# 07 595 vs 08 595



## davey d (Jul 22, 2007)

Hi there
Does anyone know if the 08 version of the 595 ultra is different to the 07 version, I ask because there are some great deals on the 07 version and I know the new 08 dosen't come in all white which is what I want anyway, but want to make sure theres no great difference other than paint job. 

Cheers


----------



## bedazzle410 (Sep 26, 2005)

I for what it is worth understand other than color they are the same. I just purchased from bikesale.com a new 07 team 595. I was told by them and Look that they are the same.
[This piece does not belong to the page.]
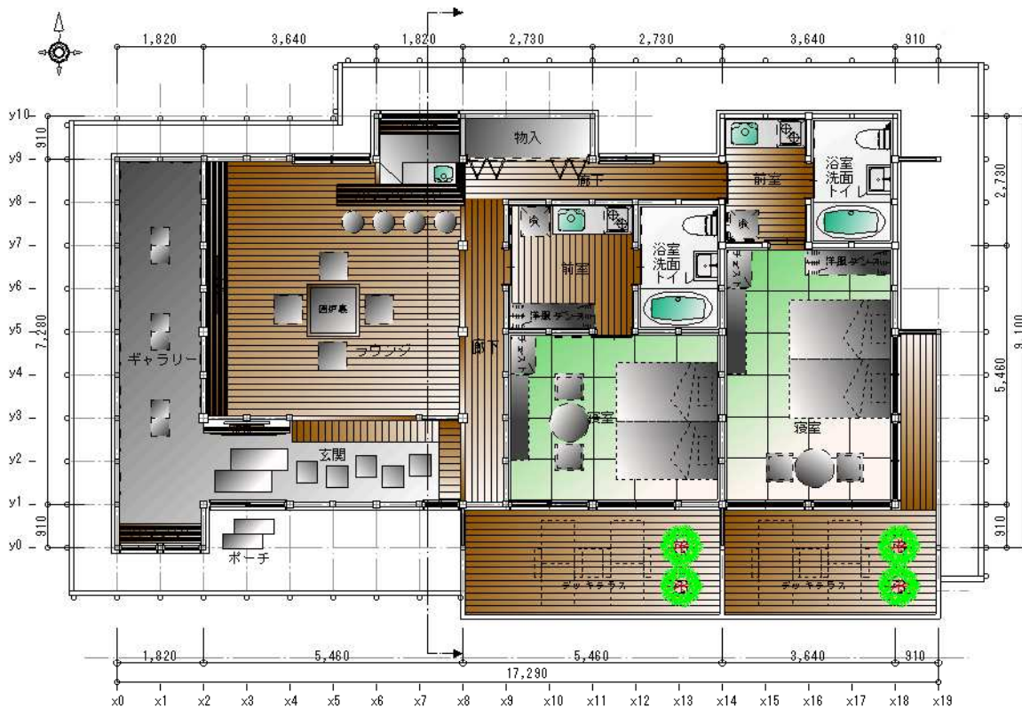
平面図 S = 1 / 100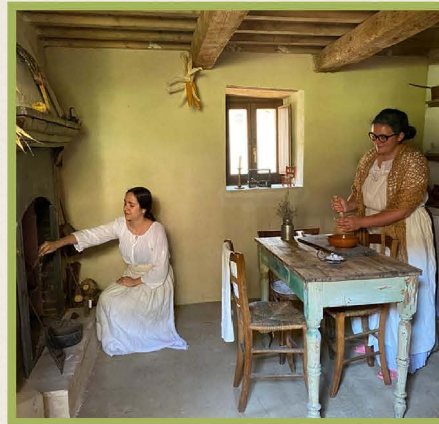
La Casa Museo

Tutelato dalla Soprintendenza ai Beni Culturali delle Marche dal 2003, il borgo offre al suo interno una Casa Museo , l' Officina dei Mestieri e percorsi didattico culturali realizzati in collaborazione con i volontari del Servizio Civile Universale e del Corpo Europeo di Solidarietà.

They are a authorized Look dealer.


----------



## chas (Aug 10, 2006)

davey d said:


> Hi there
> Does anyone know if the 08 version of the 595 ultra is different to the 07 version, I ask because there are some great deals on the 07 version and I know the new 08 dosen't come in all white which is what I want anyway, but want to make sure theres no great difference other than paint job.
> 
> Cheers



Hi Davey,

There is no structural difference between the 2007 and 2008 595's. However, the 2007 595 Ultras were only available in the black UD carbon finish, while the 2008's will be available in both black, and the 2008 pro team paint scheme.

Best,
*[email protected]*


----------



## bedazzle410 (Sep 26, 2005)

I would just like to reiterate that one of the reasons I just purchased a new 595 to supplement my 585 which I at this juncture plan on keeping is the termendous customer support that I witnessed on this chat room from Look through Chas and others from Look. When I called Look about a rear derailer issue (apparently Shimano must of sent Look a 7008GS instead of a 7800SS) they told me that they would do what ever it took to make me happy. My dealer was just as helpfull in that they overnighted me a replacement. The 595 in white is a neck turner and more important a great frame for its riding characteristics.
Bob


----------



## HammerTime-TheOriginal (Mar 29, 2006)

chas said:


> There is no structural difference between the 2007 and 2008 595's.


If I understand correctly, the HSC5 fork used for the 585 and 585 Ultra has increased in weight by 15g for 2008 in order to meet the new standard EN14781 safety requirements. Is there a comparable change to the HSC6 for the 595/595 Ultra, or perhaps did that already meet the standard due to its already beefier design?


----------



## ilan_a (Aug 13, 2005)

*E-Post*

From what I read there is achange in the E-Post, did someone know about that?

Ilan


----------



## awiner (Aug 28, 2007)

ilan_a said:


> From what I read there is achange in the E-Post, did someone know about that?
> 
> Ilan



The E-Post for 2008, which I believe will also work with a 2007 model, uses removable elastomer's. The elastomer's comes in 3 different hardnesses now so you can customize the shock absorption.


----------